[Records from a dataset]
********

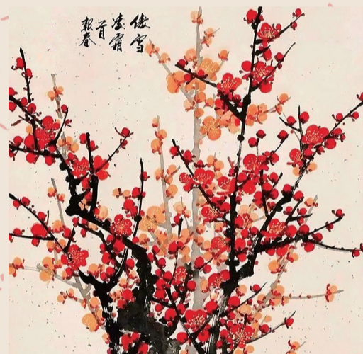
国画《傲雪凌霜首报春》
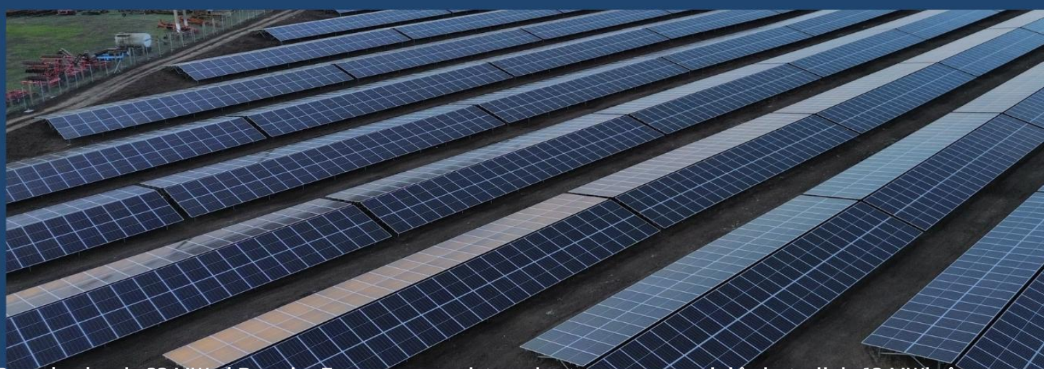
Parcul solar de 23 MW al Premier Energy, cu un sistem de stocare a energiei în baterii de 10 MWh, în construcție, Nanov, Teleorman, România
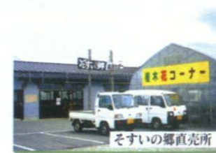
そすいの郷直売所

F 那須開墾社ゆかりのルート（10km：徒歩3時間、自転車1時間） コア施設 → 南コミュニティ（南公民館）[P] → 常盤ヶ丘、長延寺、杏の里 → 旧原街道 → なんじゃもんじゃ → 那須開墾社第一農場跡（親王台） → 縦道 → 花畑 → 南コミュニティ
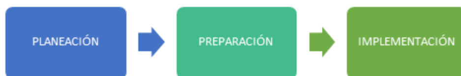
Ilustración 1 Plan de Trabajo para el desarrollo de las mesas de trabajo virtuales.
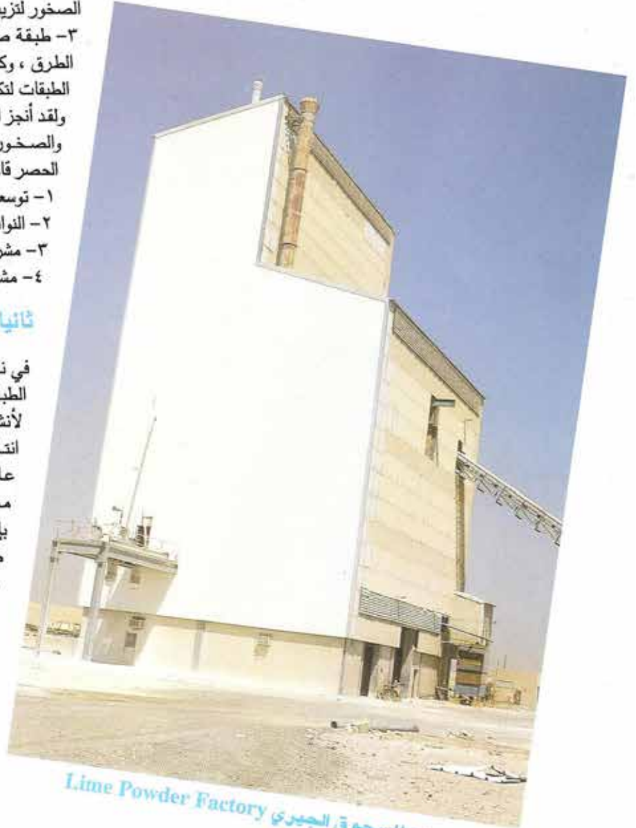
مصنع المسحوق الجبيري Lime Powder Factory

5- حجر جبيري مطحون عالي النقاوة لأستخدامات وزارة الكهرباء والماء المتعددة.
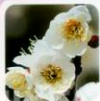
白加賀 梅干しになる定番
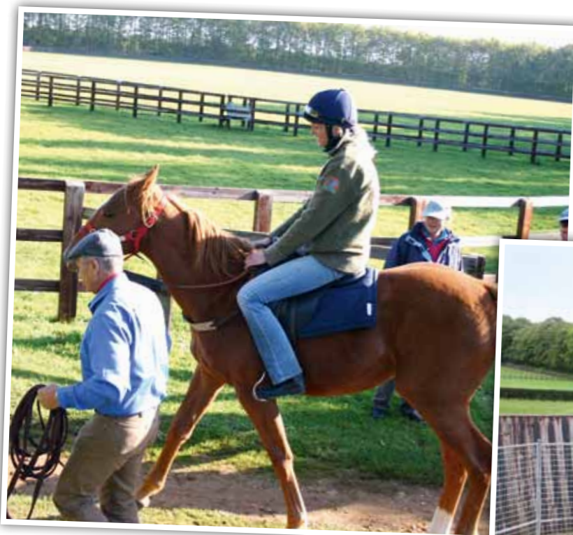
Senere er det tid til sadel og den første rytter.
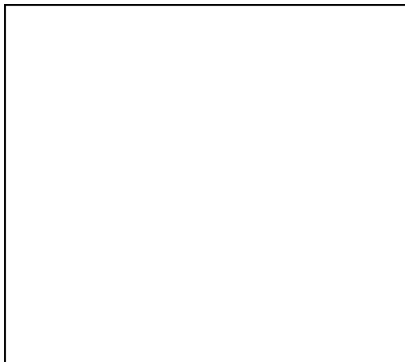
Figura 1 : Ênfases de capacitação docente em EAD

Consciente de que a nova arquitetura educativa, hoje apresentada como um desafio em EAD, envolve uma mudança radical não só nos modos como se ensina e como se aprende, mas também na maneira como se pensa o conhecimento, a PUCRS VIRTUAL organizou cursos de capacitação para professores nos quais são vivenciados processos relacionados à inserção no paradigma que constitui sua proposta para EAD, na apropriação tecnológica de mediações por computador e nas vias telecomunicacionais, além de investimentos no desenvolvimento de instrumentais vinculados às multimídias.

********

EXERCISE REQUIREMENTS = Please repeat the records above word for word, and do not include the pictures.

EXPECTED ANSWER =
国画《傲雪凌霜首报春》
Parcul solar de 23 MW al Premier Energy, cu un sistem de stocare a energiei în baterii de 10 MWh, în construcție, Nanov, Teleorman, România
そすいの郷直売所

F 那須開墾社ゆかりのルート（10km：徒歩3時間、自転車1時間） コア施設 → 南コミュニティ（南公民館）[P] → 常盤ヶ丘、長延寺、杏の里 → 旧原街道 → なんじゃもんじゃ → 那須開墾社第一農場跡（親王台） → 縦道 → 花畑 → 南コミュニティ
Ilustración 1 Plan de Trabajo para el desarrollo de las mesas de trabajo virtuales.
مصنع المسحوق الجبيري Lime Powder Factory

5- حجر جبيري مطحون عالي النقاوة لأستخدامات وزارة الكهرباء والماء المتعددة.
白加賀 梅干しになる定番
Senere er det tid til sadel og den første rytter.
Figura 1 : Ênfases de capacitação docente em EAD

Consciente de que a nova arquitetura educativa, hoje apresentada como um desafio em EAD, envolve uma mudança radical não só nos modos como se ensina e como se aprende, mas também na maneira como se pensa o conhecimento, a PUCRS VIRTUAL organizou cursos de capacitação para professores nos quais são vivenciados processos relacionados à inserção no paradigma que constitui sua proposta para EAD, na apropriação tecnológica de mediações por computador e nas vias telecomunicacionais, além de investimentos no desenvolvimento de instrumentais vinculados às multimídias.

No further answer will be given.